Commercial real estate: the history repeats itself
In the 1980′s there was a real estate boom, commercial loans had gone from 7% to 12% of banks total assets in the US. The market went up and then it came down again following its typical cycle and the government had to bail things out. They had to spend over 157 billion dollars to protect borrowers and bank’s assets at that time.
Over two thousand banks and savings and loan associations disappeared between 1986 and 1994. More precisely, 1,043 savings and loan associations and 1,248 banks failed with assets of 726 billion dollars which equates to 1,19 trillion dollars in today’s houses. At that particular time, Congress came up with the idea of creating the Resolution Trust Corporation, a united States Government-owned asset management company charged with liquidating mostly real-estate assets that belonged to savings and loan associations declared insolvent by the Office of Thrift Supervision.
The following video is taken from an event I have just helped organize and the first speaker of the event, George Hurst, of Coldwell Banker Commercial, mentions a particular property out of his memory that was about a 200,000 sq ft regional mall that had been built in 1987 in Hudson Florida, very close to US 19 highway.
It was the size of a Super-Walmart and had been never occupied, sitting on 30 acres of commercial property. RTC disposed of it and sold it to GE Capital Corporation for 650,000 dollars, and there was an investor at that time in Saint Petersburg Florida that was willing to pay 2,6 million dollar for it and that was already a steeply discounted price.

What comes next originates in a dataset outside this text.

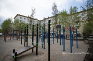В следующем дворе – территории у дома № 38 по улице Ватутина и близлежащих «пятиэтажек» замечаний чуть больше. Вынести старые, оставленные на территории парковок, опоры наружного освещения, восстановить перекрытия, отделяющие пешеходные дорожки от газонов. Замечания не критические, тем более, что все увиденные взрослыми недоделки абсолютно не мешают ребятне. В этом дворе всегда многолюдно. И это не удивительно площадка разбита на зоны: спортивная площадка здесь – не только перекладина-турник, а настоящий мини-спортзал, где тренироваться могут ребята постарше, предусмотрены и элементы для малышни. Есть и горки, и качели, и скамейки для родителей и старшего поколения жителей двора.

From 1990 onward, commercial real estate became again the popular vehicle of investment for several reasons:
- the economy was growing and therefore there was an upswing demand for office and retail space
- regulatory problems in the government had been resolved
- the restructuring of investment in REIT‘s (Real Estate Investment Trust – a corporation investing in real estate in a way that reduces or eliminates income taxes) increased from 10 billion dollars to 176 billion
- Wall Street investors and banks found it easy to get into these investment projects with low capital
- the tax reform of 1986 had dropped taxes from 50% to 28% and brought in low income tax credits, a lot of tax deductions for rental properties
- the technology bubble exploded in 2001 drove investors back to commercial real estate.

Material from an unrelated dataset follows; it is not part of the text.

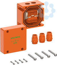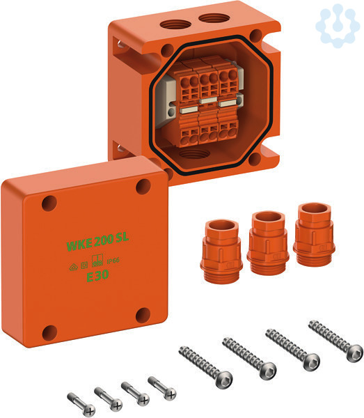 Abzweigkasten, mit Schutzart IP66, Ui=450 V AC, zertifiziert durch VDE (DIN EN 60670-1/-22 (VDE 0606-1/-22)), Innengewinde, M25, (3 seitlich), außenliegende Befestigungsstellen, mit elektrischem Funktionserhalt E30 nach DIN 4102 Teil 12, mit schraubenlosen Reihenklemmen Wago TopJobS, Gehäuse aus halogenfreiem Spezialduroplast, orange, Abzweigkasten 3-polig, Klemmvermögen pro Pol 4 x 0,5-4mm²

During the real estate boom of mid 2000′s we see the same things happening again: interest-only loans, very lax underwriting standards (it was very easy to get a loan), banks being caught up in the dream that the market prices would rise forever. In 2003 large banks had commercial real estate portfolios equal to 156% of their risk based capital (the amount of capital based on an assessment of risks that a bank should hold to protect customers against adverse developments).
By 2006 that figure was 318%, it had more than doubled in three years in commercial real estate alone. In 2007 we had the crisis of the sub-prime residential mortgages, the bubble began to burst and although the FDIC (Federal Depository Insurance Corporation – it guarantees the safety of deposits in member banks) had already identified commercial real estate as a problem, the main focus was on residential.
Congress created in 2008 the Emergency Economic Stabilization Act and the Trouble Asset Relief Program known as TARP.